▶ _Data provided_
--- START ---
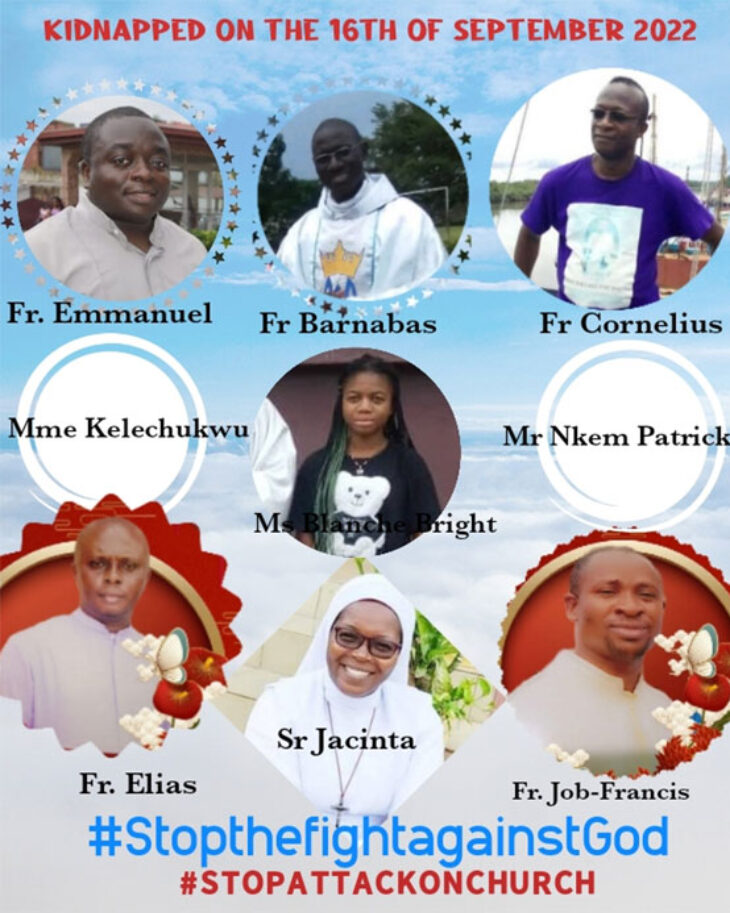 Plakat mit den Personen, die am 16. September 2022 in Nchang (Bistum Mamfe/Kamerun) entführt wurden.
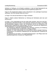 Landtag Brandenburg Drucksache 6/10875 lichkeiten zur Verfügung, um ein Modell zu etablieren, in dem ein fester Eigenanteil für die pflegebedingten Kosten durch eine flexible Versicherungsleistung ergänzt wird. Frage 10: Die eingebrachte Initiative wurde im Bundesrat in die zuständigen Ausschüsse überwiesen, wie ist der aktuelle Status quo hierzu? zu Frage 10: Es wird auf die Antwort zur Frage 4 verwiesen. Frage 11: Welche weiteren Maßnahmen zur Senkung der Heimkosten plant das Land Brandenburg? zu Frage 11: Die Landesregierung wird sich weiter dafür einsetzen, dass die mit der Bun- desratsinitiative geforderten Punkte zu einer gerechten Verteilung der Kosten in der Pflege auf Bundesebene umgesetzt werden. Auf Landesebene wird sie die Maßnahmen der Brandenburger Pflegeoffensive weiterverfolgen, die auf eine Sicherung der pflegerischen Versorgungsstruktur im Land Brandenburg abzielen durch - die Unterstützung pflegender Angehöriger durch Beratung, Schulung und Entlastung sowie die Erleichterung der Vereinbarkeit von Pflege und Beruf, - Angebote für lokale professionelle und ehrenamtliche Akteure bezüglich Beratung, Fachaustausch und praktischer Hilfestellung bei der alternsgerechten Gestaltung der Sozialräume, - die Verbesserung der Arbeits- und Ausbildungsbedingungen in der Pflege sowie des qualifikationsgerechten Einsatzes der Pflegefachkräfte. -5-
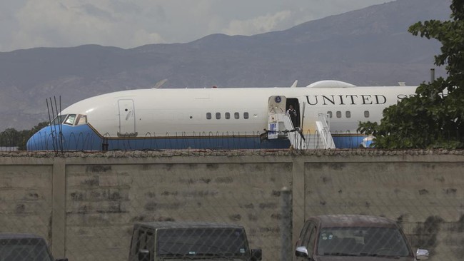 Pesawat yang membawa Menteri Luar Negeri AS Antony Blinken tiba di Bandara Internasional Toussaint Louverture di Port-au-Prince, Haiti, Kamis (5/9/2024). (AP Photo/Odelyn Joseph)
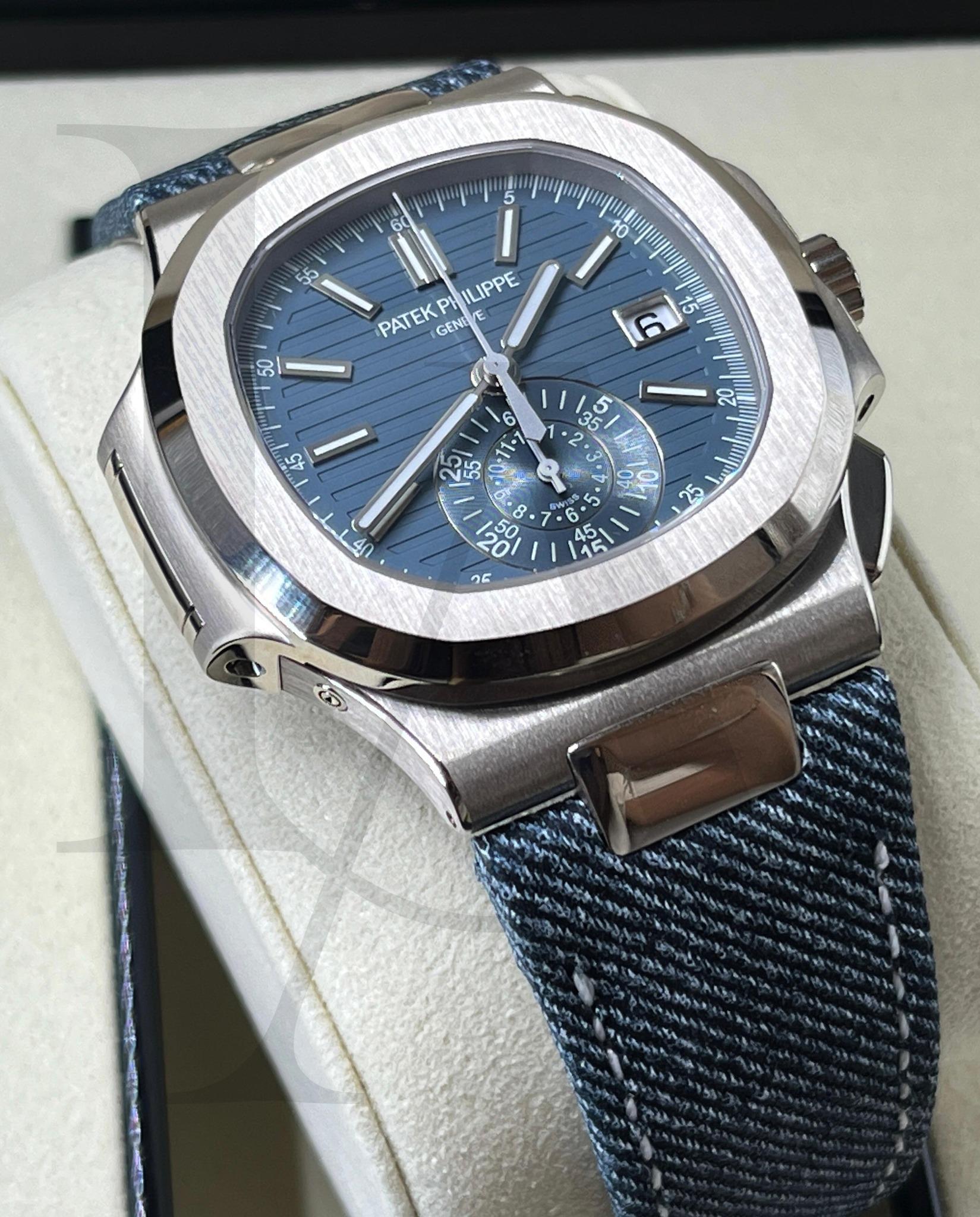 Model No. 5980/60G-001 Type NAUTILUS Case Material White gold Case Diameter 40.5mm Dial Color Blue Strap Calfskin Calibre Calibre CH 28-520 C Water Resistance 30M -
--- END ---
▶ _Assignment_
Exactly those lines that run from the line holding "Pesawat yang membawa" to the end of the listing above, both included, are to be reproduced, with pictures left out.

▶ _Response to the task_
 Pesawat yang membawa Menteri Luar Negeri AS Antony Blinken tiba di Bandara Internasional Toussaint Louverture di Port-au-Prince, Haiti, Kamis (5/9/2024). (AP Photo/Odelyn Joseph)
 Model No. 5980/60G-001 Type NAUTILUS Case Material White gold Case Diameter 40.5mm Dial Color Blue Strap Calfskin Calibre Calibre CH 28-520 C Water Resistance 30M -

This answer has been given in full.